[Assignment]
Using the material below, return exactly the lines between the one holding "Η κουμπάρα Μαρία" and the one holding "東風牌EQ5250JSQFV型隨車起重運輸車", inclusive, and no others.

[Records shown]
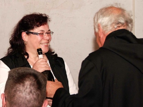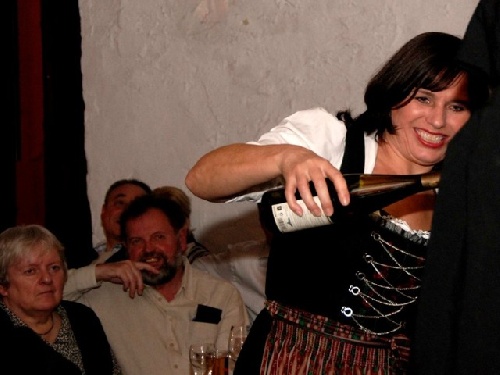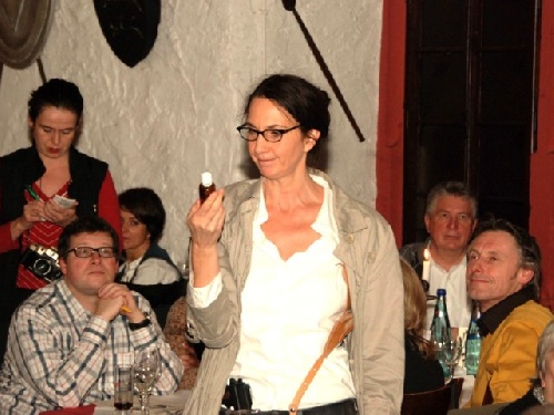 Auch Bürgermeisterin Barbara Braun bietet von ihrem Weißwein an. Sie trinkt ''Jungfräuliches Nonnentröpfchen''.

---

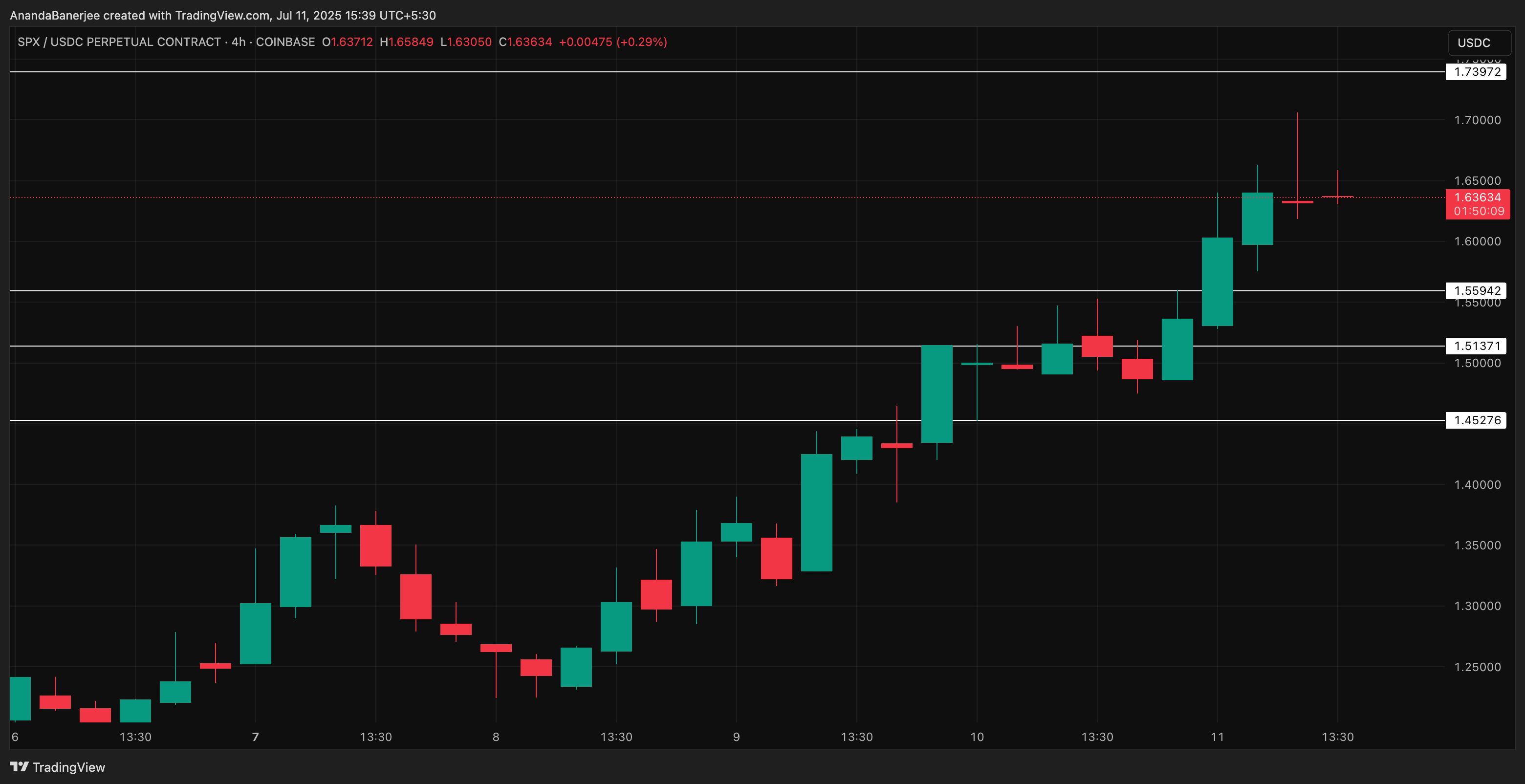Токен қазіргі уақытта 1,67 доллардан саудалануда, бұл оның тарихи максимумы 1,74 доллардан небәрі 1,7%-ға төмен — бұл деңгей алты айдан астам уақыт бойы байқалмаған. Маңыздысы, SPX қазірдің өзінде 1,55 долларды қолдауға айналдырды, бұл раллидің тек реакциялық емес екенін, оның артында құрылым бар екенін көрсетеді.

* * *

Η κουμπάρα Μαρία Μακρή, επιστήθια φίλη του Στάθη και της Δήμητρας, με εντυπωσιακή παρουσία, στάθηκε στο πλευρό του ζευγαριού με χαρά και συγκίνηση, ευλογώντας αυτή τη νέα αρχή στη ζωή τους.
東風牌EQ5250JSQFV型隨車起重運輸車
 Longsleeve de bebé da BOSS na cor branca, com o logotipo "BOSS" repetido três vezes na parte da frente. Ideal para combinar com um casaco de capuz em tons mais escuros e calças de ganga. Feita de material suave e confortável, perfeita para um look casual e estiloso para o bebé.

[Answer to this problem]
Η κουμπάρα Μαρία Μακρή, επιστήθια φίλη του Στάθη και της Δήμητρας, με εντυπωσιακή παρουσία, στάθηκε στο πλευρό του ζευγαριού με χαρά και συγκίνηση, ευλογώντας αυτή τη νέα αρχή στη ζωή τους.
東風牌EQ5250JSQFV型隨車起重運輸車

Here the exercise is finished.